Taking the line with "Bolsa de chaleco roja, bolsa" as the first and the line with "Au 4e étage" as the last, set down the lines below exactly, pictures excluded.

*** Opening Input ***

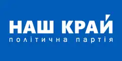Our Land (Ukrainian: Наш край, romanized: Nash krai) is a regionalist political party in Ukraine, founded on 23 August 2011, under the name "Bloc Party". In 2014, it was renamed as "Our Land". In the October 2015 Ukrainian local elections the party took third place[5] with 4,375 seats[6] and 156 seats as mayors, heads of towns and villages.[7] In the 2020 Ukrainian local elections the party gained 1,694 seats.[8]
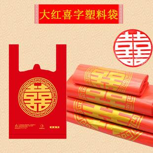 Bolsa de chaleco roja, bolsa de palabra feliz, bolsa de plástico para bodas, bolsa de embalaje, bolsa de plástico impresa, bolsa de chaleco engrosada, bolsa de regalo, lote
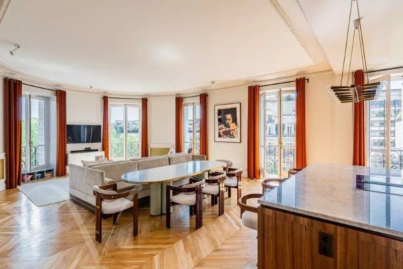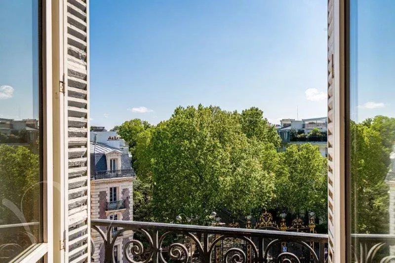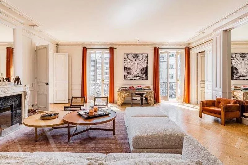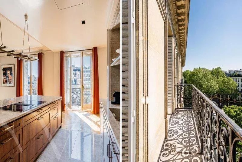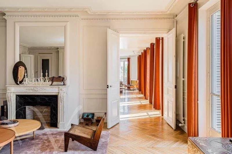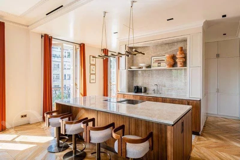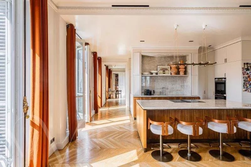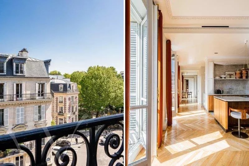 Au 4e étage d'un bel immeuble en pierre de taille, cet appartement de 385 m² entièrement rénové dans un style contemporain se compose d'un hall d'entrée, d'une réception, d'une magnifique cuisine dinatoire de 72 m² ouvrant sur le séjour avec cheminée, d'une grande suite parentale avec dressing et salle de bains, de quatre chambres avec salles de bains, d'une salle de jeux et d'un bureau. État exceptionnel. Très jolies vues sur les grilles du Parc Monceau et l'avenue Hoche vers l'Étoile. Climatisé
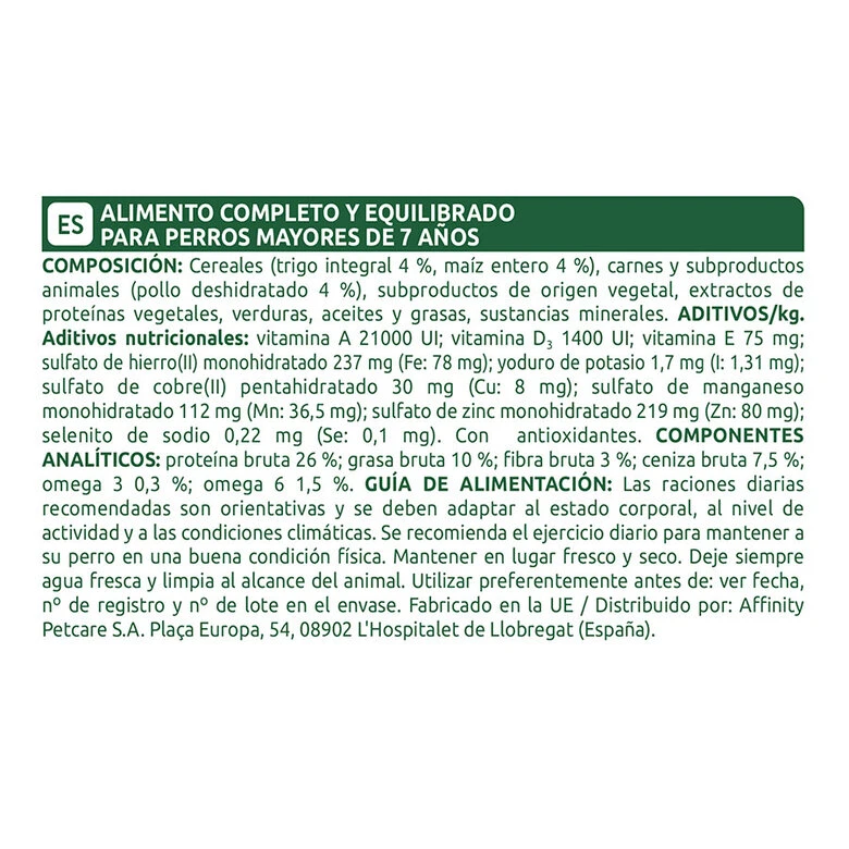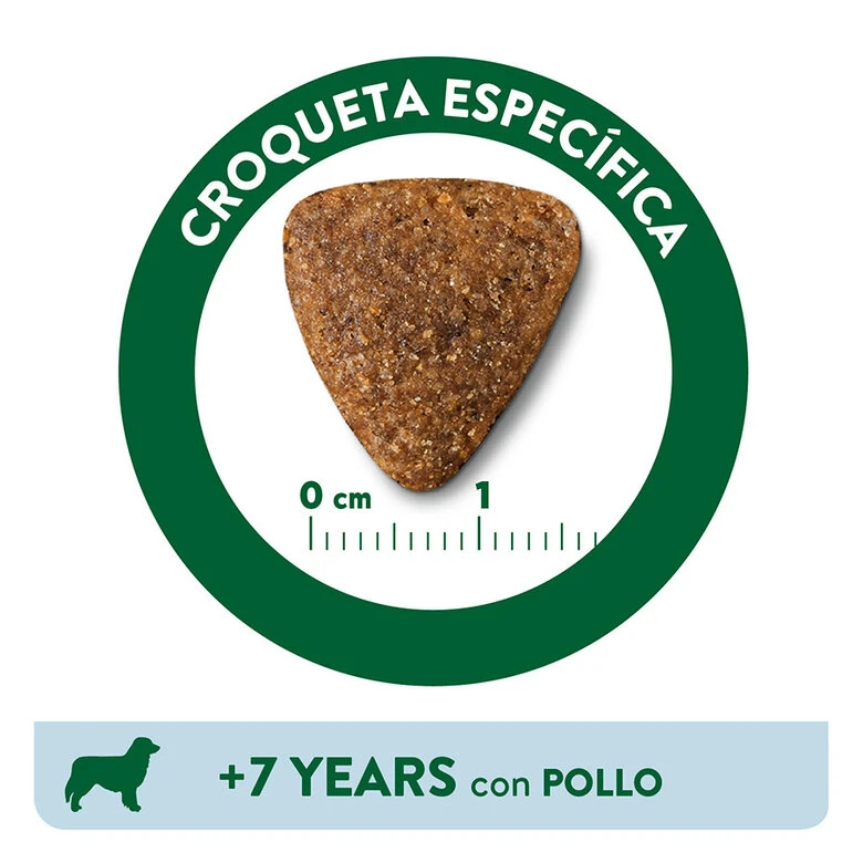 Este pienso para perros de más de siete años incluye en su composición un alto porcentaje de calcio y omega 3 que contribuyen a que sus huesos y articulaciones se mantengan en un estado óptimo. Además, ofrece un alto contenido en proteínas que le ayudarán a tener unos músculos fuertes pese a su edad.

*** Closing Input ***
*** Opening Input ***

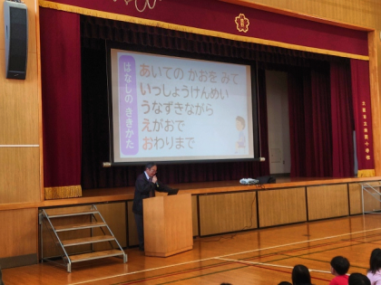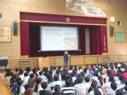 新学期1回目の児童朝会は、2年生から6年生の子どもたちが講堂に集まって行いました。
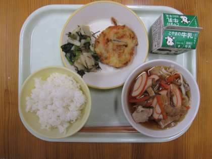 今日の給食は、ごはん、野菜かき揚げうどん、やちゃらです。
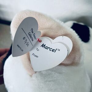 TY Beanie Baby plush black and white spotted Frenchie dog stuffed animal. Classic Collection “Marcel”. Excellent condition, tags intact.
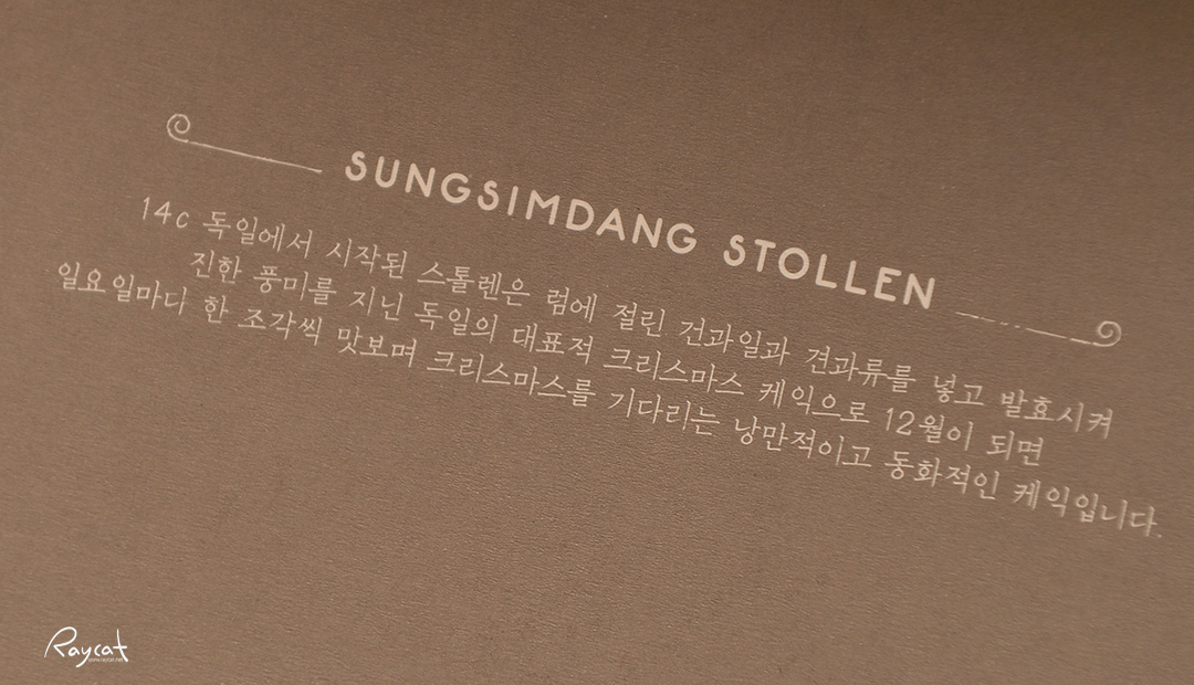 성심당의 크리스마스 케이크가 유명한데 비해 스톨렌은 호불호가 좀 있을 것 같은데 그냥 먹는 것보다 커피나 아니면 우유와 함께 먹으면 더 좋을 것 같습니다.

*** Closing Input ***

**Answer**.
 Bolsa de chaleco roja, bolsa de palabra feliz, bolsa de plástico para bodas, bolsa de embalaje, bolsa de plástico impresa, bolsa de chaleco engrosada, bolsa de regalo, lote
 Au 4e étage d'un bel immeuble en pierre de taille, cet appartement de 385 m² entièrement rénové dans un style contemporain se compose d'un hall d'entrée, d'une réception, d'une magnifique cuisine dinatoire de 72 m² ouvrant sur le séjour avec cheminée, d'une grande suite parentale avec dressing et salle de bains, de quatre chambres avec salles de bains, d'une salle de jeux et d'un bureau. État exceptionnel. Très jolies vues sur les grilles du Parc Monceau et l'avenue Hoche vers l'Étoile. Climatisé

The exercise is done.